I hope you’ll enjoy this post! 🙂

## The reason it is interesting

Generative Adversarial networks (GANs) have achieved impressive (and often state-of-the-art) results in various domains such as:

• image generation with Improved WGANs (Gulrajani et al. 2017)
• image editing with Neural Photo Editors (Brock et al. 2016)
• super-resolution with SRGANs (Ledig et al. 2016)
• semi-supervised learning with BiGANs (Donahue et al. 2016)
• domain adaptation with CycleGANs (Zhu et al. 2017)
• etc.

Here at Heuritech (a french start-up) we aim to use these models (and many others) to help consumers, searchers, corporations and kids with their day-to-day deep learning needs. As things turned out, a big part of our focus currently lies within the world of fashion (because Heuritech is also a stylish, well-dressed company), but who knows where we’ll be just a few years from now!

Heuritech has been founded by four doctors in Artificial Intelligence and is very research oriented. If you’re interested to be part of the adventure you can contact us here.

## BEGAN

Recently, a new GAN architecture (the Boundary Equilibrium GAN) caught my interest by successfully generating anatomically coherent faces at a resolution of 128×128 pixels. As of early April 2017, this is the current state of the art. Have a look:

## Main goal

It’s all about providing a better loss to the networks.

It has been previously shown that the first GAN architecture minimizes the Kullback-Leibler divergence between the real data distribution $p_X$ and the generated data distribution $p_{G(z)}$. An unfortunate consequence of trying to minimize this distance is that the discriminator D gives meaningless gradients to the generator G if D gets too good too quickly.

Since then, a few publications focused their effort on trying to find better loss functions:

• The Improved Wassertein GAN (since its first version) minimizes the Wasserstein distance (also called the Earth-Mover distance) by giving very simple gradients to the networks (+1 if the output should be considered real and -1 if the output should be considered fake).
• The Least Squares GAN uses a least squares loss function to minimize the Pearson $\chi^2$ divergence between D‘s output and its target.
• The Generalized Loss Sensitive GAN uses a discriminator that quantifies the quality of images. The loss is then computed as a function of the distance between the quality of real and generated images (which allows the model to focus more on improving poor samples than good samples).

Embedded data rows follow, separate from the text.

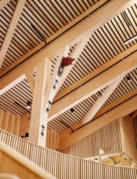 The façade of the building is made with standing wood cladding in ore pine. The massive roof measures 4930 m2 and is clad with 34,000 meters of kebony. The Alta slate on the theatre’s gable wall has been reused from the village’s old primary school, which has been demolished.
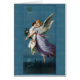 vintage art with painting of a beautiful guardian angel holding a child and flowers as she floats above the land.
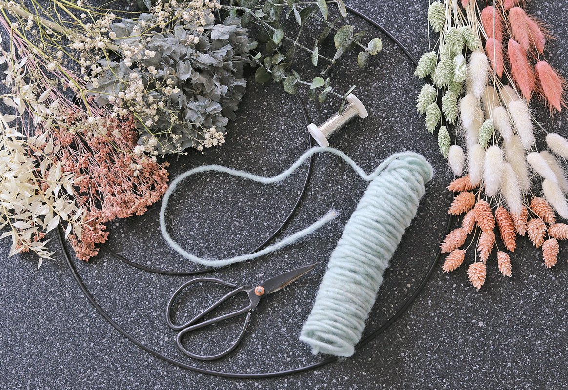 • 2 Metallringe in unterschiedlichen Größen (z. B. 20 cm und 40 cm Durchmesser), Schere, Wollkordel, Holzschild, Wickeldraht
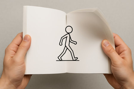 A person's hands are shown holding an open book with crisp, blank white pages. On the right page, a simple, minimalist line art stick figure is depicted walking, symbolizing concepts of progress, a new journey, personal development, or turning over a new leaf. The image offers ample copy space for text or additional design elements.
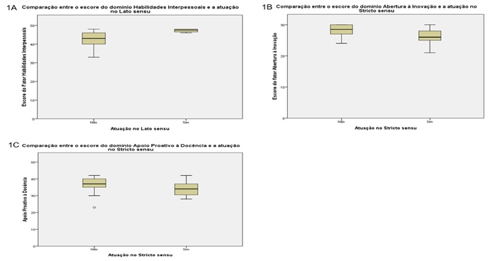 As comparações entre os escores dos fatores Abertura à Inovação e Apoio Proativo à Docência com a atuação no Stricto Sensu mostram características semelhantes, o grupo de professores que atuam no Stricto apresentaram menores valores de mediana e quartis 1 e 3 em ambas as comparações (Figura 1B e 1C).
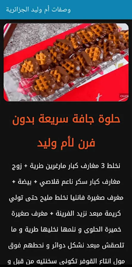 The application of Umm Walid recipes, an application for exclusive Umm Walid recipes, contains more than one hundred and twenty recipes that work without the Internet and a very small size
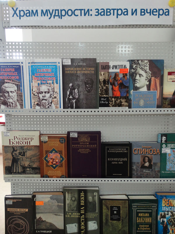 Центр книги и чтенияВ Центре книги и чтения с 15 по 31 мая работает выставка, на которой представлена литература по истории философской мысли от античности до наших дней. Книги расскажут о мыслителях Греции и Рима, о философии Средневековья, об идейных течениях древнерусской мысли и современных философах России.
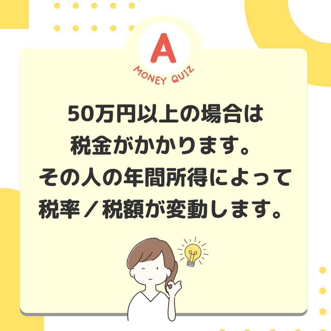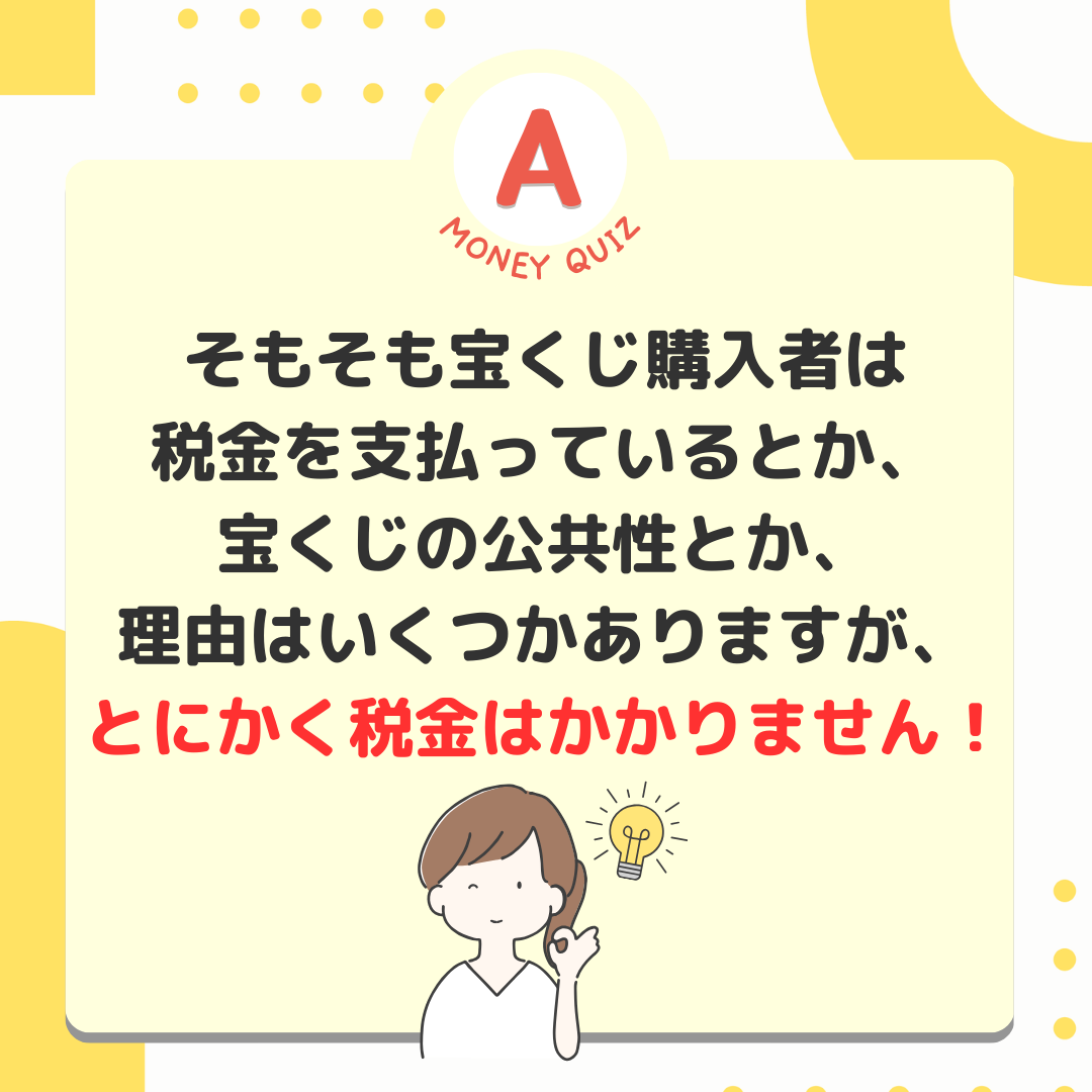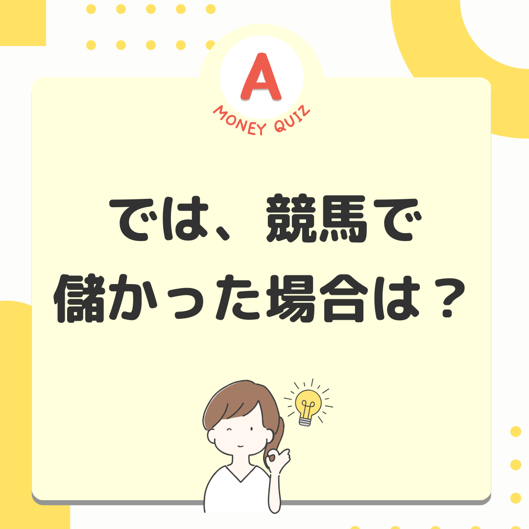 今日のお金クイズ宝くじで10億円当たった!所得税はいくら払う?今日のお金クイズ宝くじで10億円当たったよ。収入があったわけだけど所得税はいくら払う?5,000万円?1億円?0円?0円!宝くじ当選金には税金がかかりません。そもそも宝くじ購入者は税金を支払っているとか、宝くじの公共性とか、理由はいくつかありますが、とにかく税金はかかりません!では、競馬で儲かった場合は?懸賞金が50万円までの場合は税金がかかりません。50万円以上の場合は税金がかかります。その人の年間所得によって税率/税額が変動します。

The main goal behind the BEGAN is also to change the loss function. This time, it is achieved by making D an autoencoder. The loss is a function of the quality of reconstruction achieved by D on real and generated images. This idea (of making D an autoencoder) is inspired by the Energy Based GAN (EBGAN). Below is the architecture of the EBGAN shamelessly copy-pasted from the paper:

## The idea

Let’s start by clarifying something important. The reconstruction loss is not the same thing as the real loss that the nets are trying to minimize. The reconstruction loss is the error associated to reconstructing images through the autoencoder/discriminator. In the EBGAN schema the reconstruction-loss is referred to as « Dist » and the real loss is referred to as « L ».

The main idea behind the BEGAN is that matching the distributions of the reconstruction losses can be a suitable proxy for matching the data distributions. The real loss is then derived from the Wasserstein distance between the reconstruction losses of real and generated data. Later, the networks are trained by using this real loss in conjunction with an equilibrium term to balance D and G.

## The training

I’d like to spoil you right away with the solution to give you an understanding of where we’re going.

The training goes like this:

1. D (the autoencoder) reconstructs real images better and better. Said differently, the weights of D are updated so that the reconstruction loss of real images is minimized.
2. D simultaneously increases the reconstruction loss of generated images.
3. And G works adversarially to that by minimizing the reconstruction loss of generated images.

Points 1 and 2 can be rephrased as « D tries to discriminate real and generated distributions ». So G can only succeed with point 3 by generating more realistic images.

## Deriving the loss

Let’s first derive the real losses and we’ll focus on the equilibrium term later. What we want at this point is to use the Wasserstein Distance between the reconstruction losses to derive the real losses.

If we use an L1 norm between the input image of D and its reconstructed version, then the loss distribution (refered to as $\mathcal{L}(x)$), is approximately normal (at least it looks like it experimentally). We’re about to use this fact to simplify the Wasserstein distance between the reconstruction losses (of real and generated images).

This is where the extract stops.